===== RAW DATA

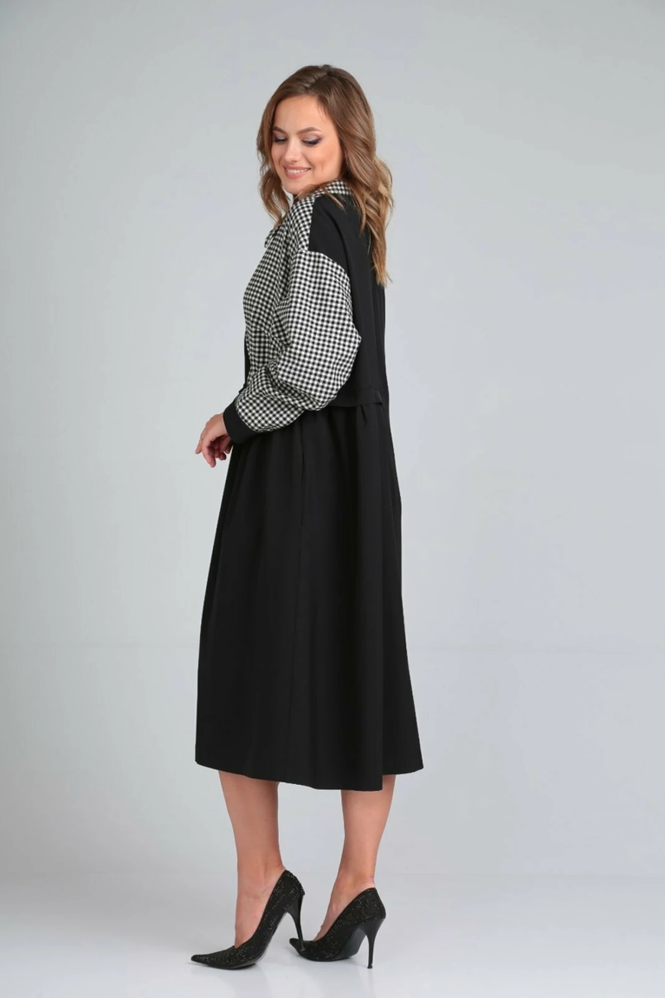 Платье свободного силуэта в стиле «бохо», выполнено из двух тканей-компаньонов. Воротник отложной, застежка - центральная потайная молния до линии талии. Перед платья ассиметричный - правая половинка цельнокроеная, левая - отрезная по линии талии, нижня часть лифа с кулисой и фиксатором. Линия плеча спущена, рукав рубашечный на манжете с пуговицей. Спинка ассиметрична, со средним швом: правая часть цельнокроеная, левая-отрезная по линии талии. В боковых швах потайные карманы.
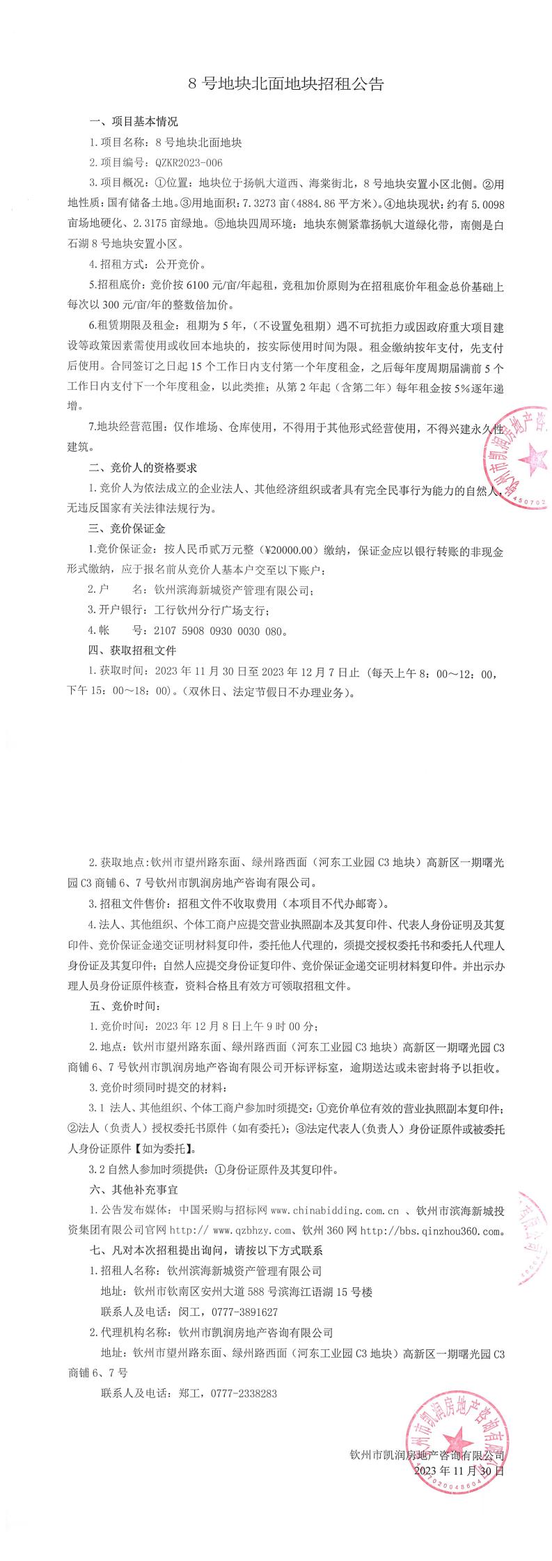 關(guān)于欽州市廉租房家興苑七區(qū)、安惠二園商鋪出租項(xiàng)目招租公告
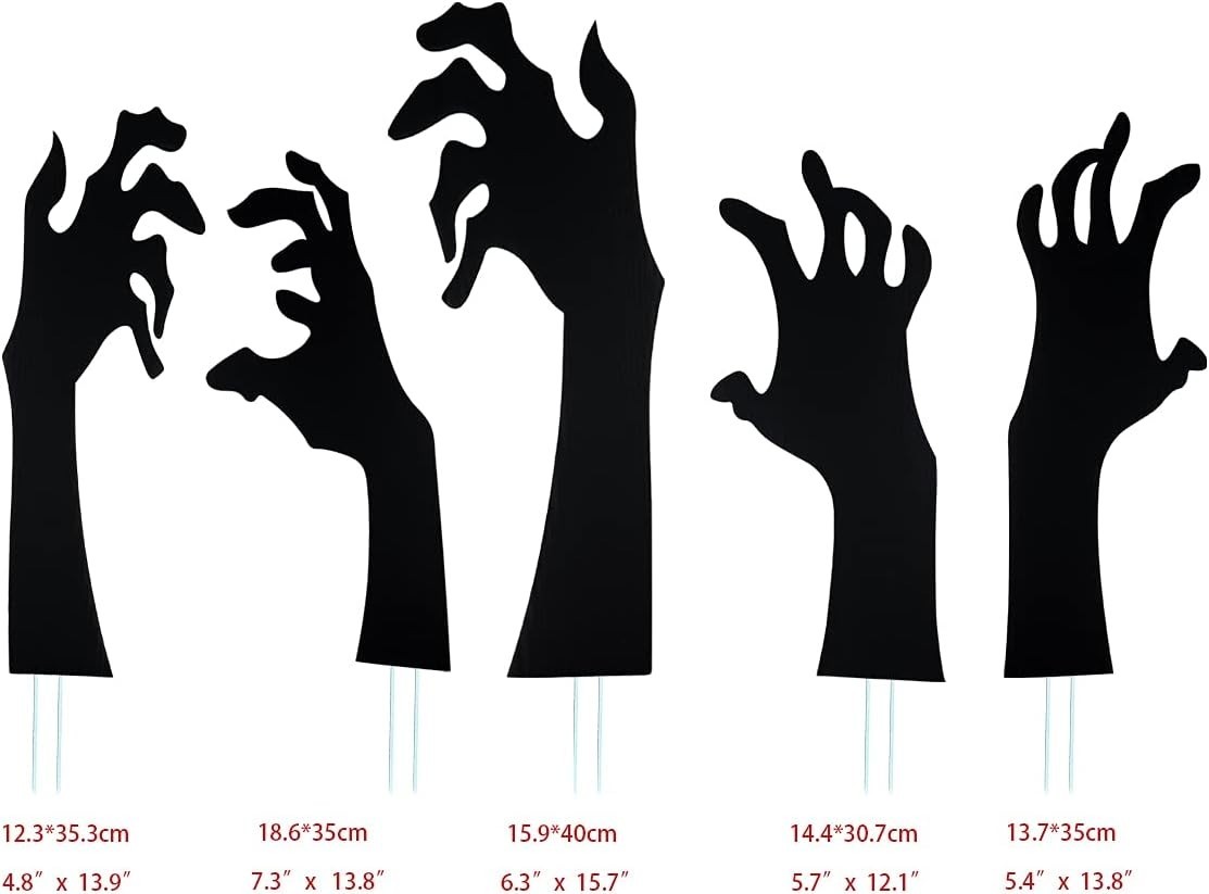 5 Pack Halloween Black Hands Yard Signs with Stakes Scary Silhouette Hallowee...
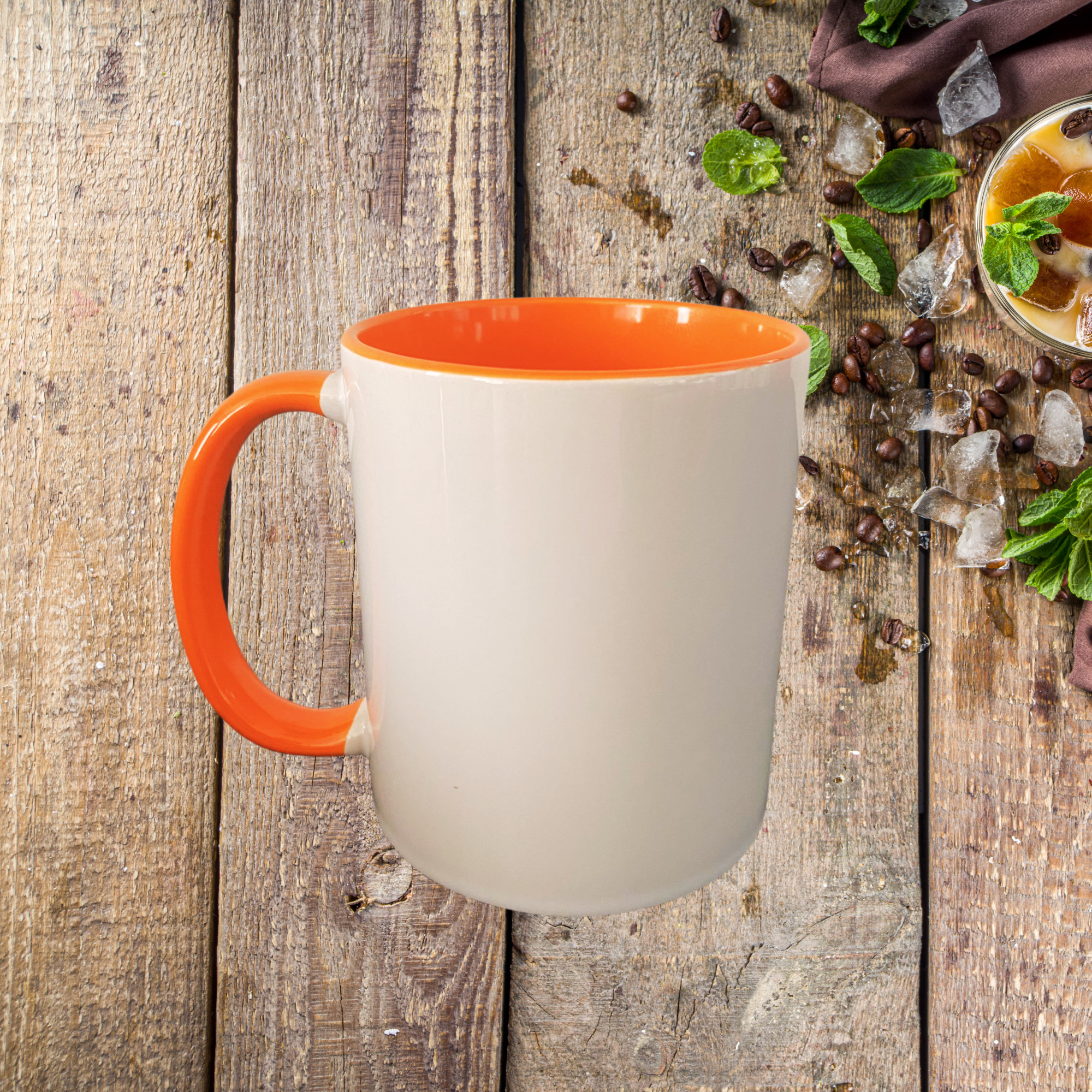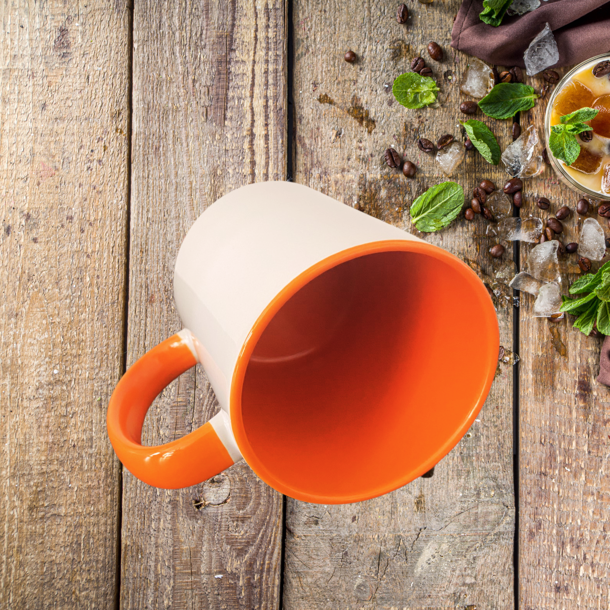 Mug intérieur & anse orange sur lequel vous pouvez ajouter votre photo, image ou texte.
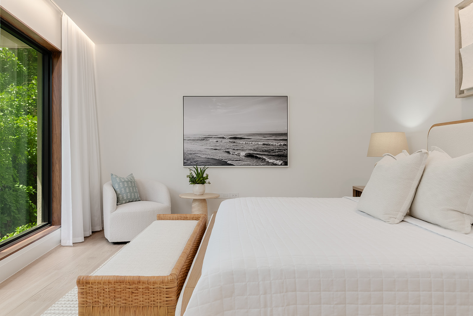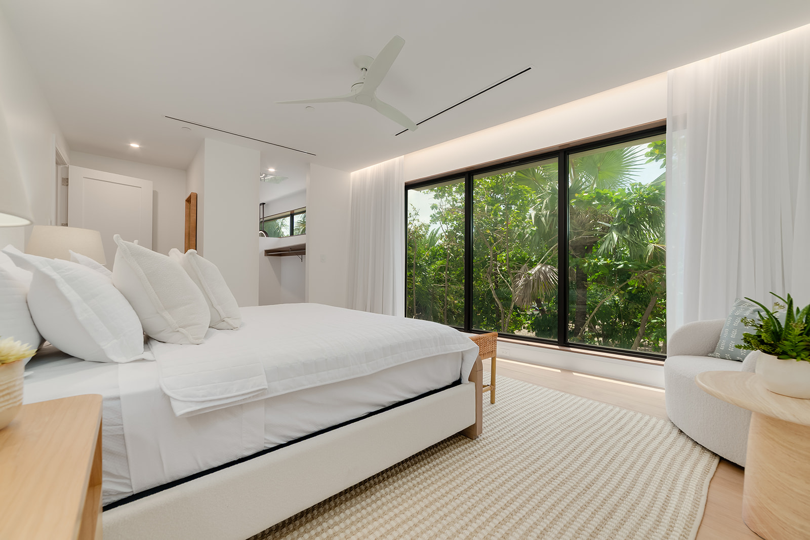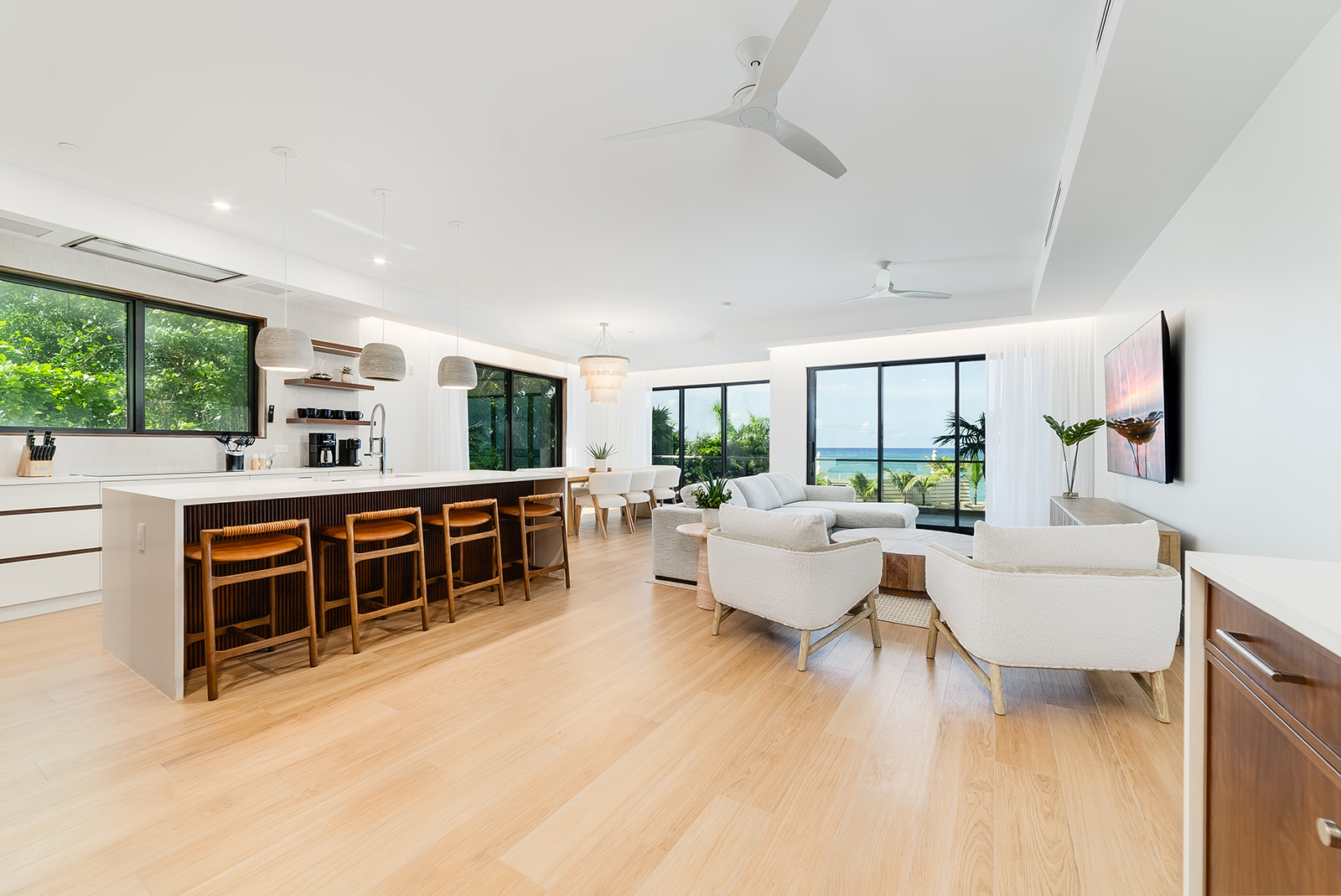 Immerse yourself in breathtaking panoramic ocean views from every residence, each boasting 30 feet of prime waterfront frontage. Expansive sliding glass doors seamlessly blend the indoor and outdoor living spaces, creating an unparalleled alfresco experience. In the primary bedroom, floor-to-ceiling windows stretch the entire length of the room, framing mesmerizing ocean vistas.

==========

_ACTIVITY_: Skipping any images, write out all the data exactly.

_RESPONSE TO THIS TASK_:
 Платье свободного силуэта в стиле «бохо», выполнено из двух тканей-компаньонов. Воротник отложной, застежка - центральная потайная молния до линии талии. Перед платья ассиметричный - правая половинка цельнокроеная, левая - отрезная по линии талии, нижня часть лифа с кулисой и фиксатором. Линия плеча спущена, рукав рубашечный на манжете с пуговицей. Спинка ассиметрична, со средним швом: правая часть цельнокроеная, левая-отрезная по линии талии. В боковых швах потайные карманы.
 關(guān)于欽州市廉租房家興苑七區(qū)、安惠二園商鋪出租項(xiàng)目招租公告
 5 Pack Halloween Black Hands Yard Signs with Stakes Scary Silhouette Hallowee...
 Mug intérieur & anse orange sur lequel vous pouvez ajouter votre photo, image ou texte.
 Immerse yourself in breathtaking panoramic ocean views from every residence, each boasting 30 feet of prime waterfront frontage. Expansive sliding glass doors seamlessly blend the indoor and outdoor living spaces, creating an unparalleled alfresco experience. In the primary bedroom, floor-to-ceiling windows stretch the entire length of the room, framing mesmerizing ocean vistas.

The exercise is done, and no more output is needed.